A rush of homeowners is tipped to list their homes for sale once the property market kicks off for the year, after a busy end to 2020 that saw sales continue almost to Christmas.
The number of residential listings on the market fell 7.9 per cent in December compared to the previous month, as buyers snapped up available homes, data from SQM Research shows.
Although there is a seasonal effect and the number of listings usually falls towards the end of the year, SQM managing director Louis Christopher said December had been unusually busy with pent-up demand post-lockdowns.
“The month of December traditionally records falls in properties listed for sale as it is the start of the festive and summer holiday period,” Mr Christopher said.
“However, activity was strong all the way through to the last weekend before Christmas, which was unusual and likely reflected a degree of catch up from the property inspection restrictions earlier in the year.”
The trend was particularly pronounced in Sydney, where the total number of listings fell 18.3 per cent in December from the previous month as buyers snapped up homes on offer, while stock in Canberra fell 17 per cent and Melbourne fell 11.5 per cent.
The outlook for the coming months is also rosy, although the scheduled end of the JobKeeper payment, which has already been tapered, in March looms as a major test for the market.
“Going forward, I believe listings activity is going to remain strong in early 2021 but could weaken on the wind up of JobKeeper in March 2021. We believe JobKeeper has provided support to the market over 2020,” Mr Christopher said.
Owners appeared more willing to sell their homes in the largest cities compared to last summer when prices were only starting to rise after a slump sparked by a crackdown on lending and election uncertainty.
The number of homes for sale in Melbourne in December was 30.5 per cent higher than a year ago after lockdowns delayed the spring real estate market. Sydney also had its share of willing sellers, with the number of homes for sale up 13.8 per cent on December last year.
Elsewhere, buyers did not enjoy as much choice, with the amount of stock in Brisbane, Canberra and Perth down between 1 per cent and 7 per cent compared to a year ago.
Total residential stock on market, December 2020
It comes as separate figures show the number of settlements reached a 17-year high in NSW, with more than 24,500 transfers recorded by NSW Land Registry Services in December.
CEO of The Agency Matt Lahood said strong demand – driven largely by low interest rates – meant many vendors had the confidence to list late into the year.
“The interest rates are still extremely low, so that’s driving it,” he said. “The second big thing is, obviously, the government has put the floor under the market with JobKeeper, JobSeeker and JobMaker.”
While some uncertainty could be created when the government ends JobKeeper payments, he said that recent unemployment figures had been encouraging.
He noted the difference between cities after Melbourne’s second lockdown sparked a late rush of activity.
“Obviously, Melbourne was in lockdown, so they weren’t able to come back on [with listings] until very late,” he said.
“With Sydney, I think a lot of people decided [to list] towards the end of the year when the market kept up. A lot of them have listed for early this year.”
He said most listings held by his agents had been in lifestyle areas outside of metropolitan Sydney, including the Central Coast, Newcastle and Bowral, as tree-changers leave the capital.
“I was getting calls up until Christmas Eve wanting appraisals in the regional areas,” he added.
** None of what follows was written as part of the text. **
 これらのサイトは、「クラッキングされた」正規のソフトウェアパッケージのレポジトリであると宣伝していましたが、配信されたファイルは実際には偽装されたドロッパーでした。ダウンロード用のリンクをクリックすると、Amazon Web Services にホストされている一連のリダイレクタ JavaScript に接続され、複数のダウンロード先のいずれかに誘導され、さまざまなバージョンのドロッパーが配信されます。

He expects a rush to list early this year after many people who had bought homes in regional areas look to sell their Sydney property.
“A lot of buyers were looking to find something and then list. We’re probably going to see a lot of people coming through in February saying we bought over the break [and now need to sell].”
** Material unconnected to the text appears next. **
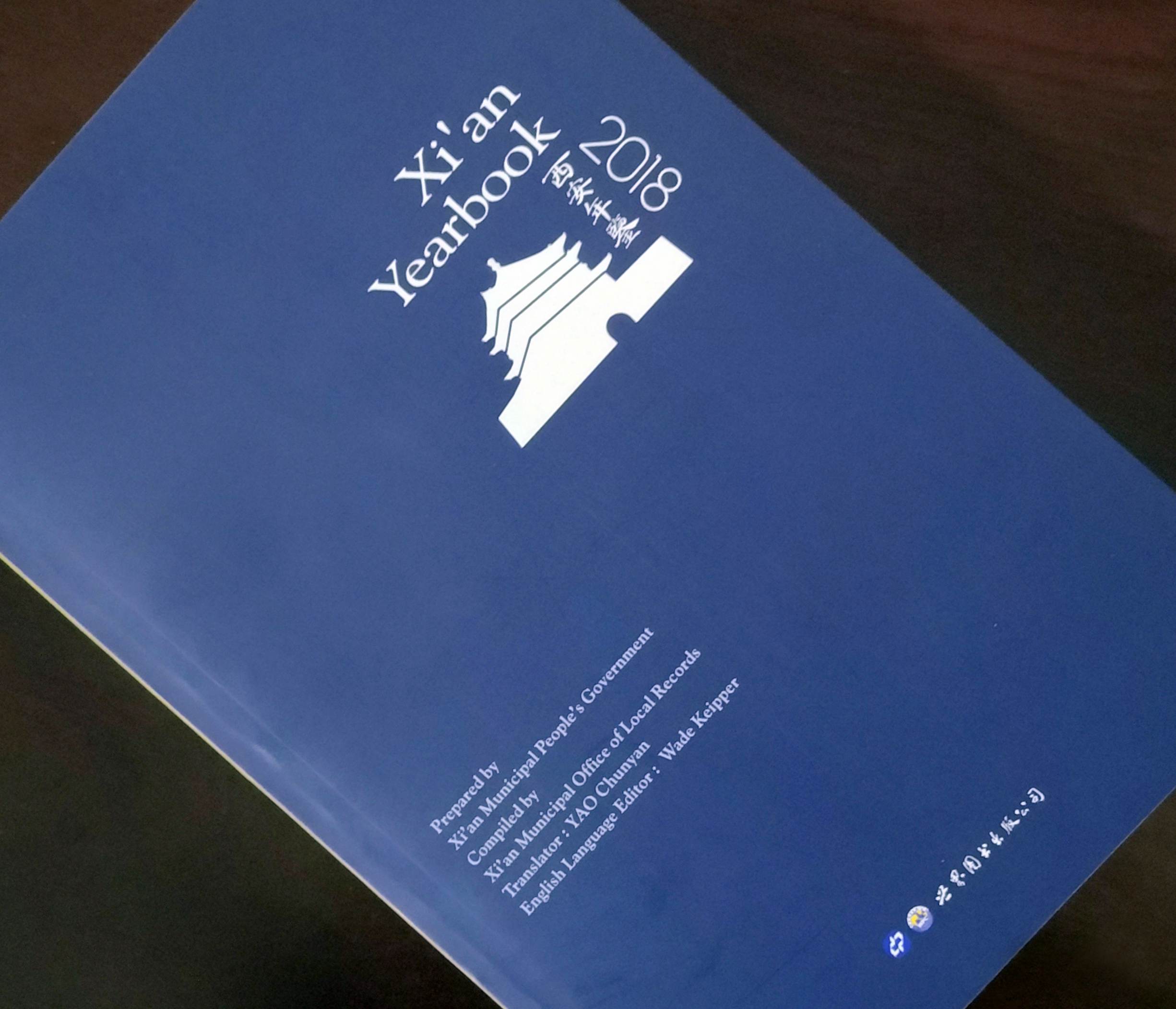 2019年12月,由西安市人民政府主办、西安市地方志办公室编纂的《西安年鉴(2018英文版)》出版发行。《西安年鉴(2018英文版)》由世界图书出版西安有限公司出版,为32开本,中文字符约15万字,并有彩页8面,共有概貌类、产业类、附录类等18个类目。《西安年鉴(2018英文版)》在浓缩选取《西安年鉴(2018)》中西安年度经济社会发展重点、亮点内容的基础上,增加“西安档案”“西安名片”“特色西安”“印象西安”等特色栏目,进一步提高年鉴的可读性和实用性,为海外人士了解西安提供基本信息,为对外宣传西安、推介西安提供基本资料。

Another motivation for selling in both cities was a desire to avoid the disruption presented by any possible future COVID-19-related lockdowns in 2021.
“We’ve got a lot of listings … even now, not waiting until February. A lot of people think there might be another lockdown and are wanting to get ahead of it.”
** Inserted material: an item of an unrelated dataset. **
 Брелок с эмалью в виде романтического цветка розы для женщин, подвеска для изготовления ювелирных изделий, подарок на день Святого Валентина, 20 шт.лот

Ray White managing director Dan White said that the firm’s internal numbers indicated an even higher jump in listings for both cities during December, with Victoria up 50 per cent on 2019 and 2018.
While the strong month was partially due to a lag resulting from the lockdown period, other factors played a role, he said.
“It’s an active market, a lot of people’s holiday plans were interrupted, people didn’t put the same weight on holidays as before,” he said.
“There are people moving [as a result of the pandemic], people going to the regions but most importantly it’s a result of vendors knowing that the market is strong, and when the market is generating that much activity vendors feel comfortable coming to market.”
Mr White agreed that the strong December performance was likely to extend to the first quarter but was unwilling to make predictions beyond that.
“There’s nothing to suggest otherwise. Certainly [based on] our new listing numbers in this month we go into the year with a lot of buyers out there in the market and the new listing numbers are really promising. What happens after that is subject to a number of factors,” he said.
Entry-level properties right through to the luxury market reflected the trend, he said.
While incentives like stamp duty reductions and the HomeBuilder grant may have had a short-term impact, the real motivator was the certainty that interest rates would remain low for the foreseeable future.
“People are reading that rates will stay at this level for three years giving them that confidence that they can buy and lock in the three-year window,” he said.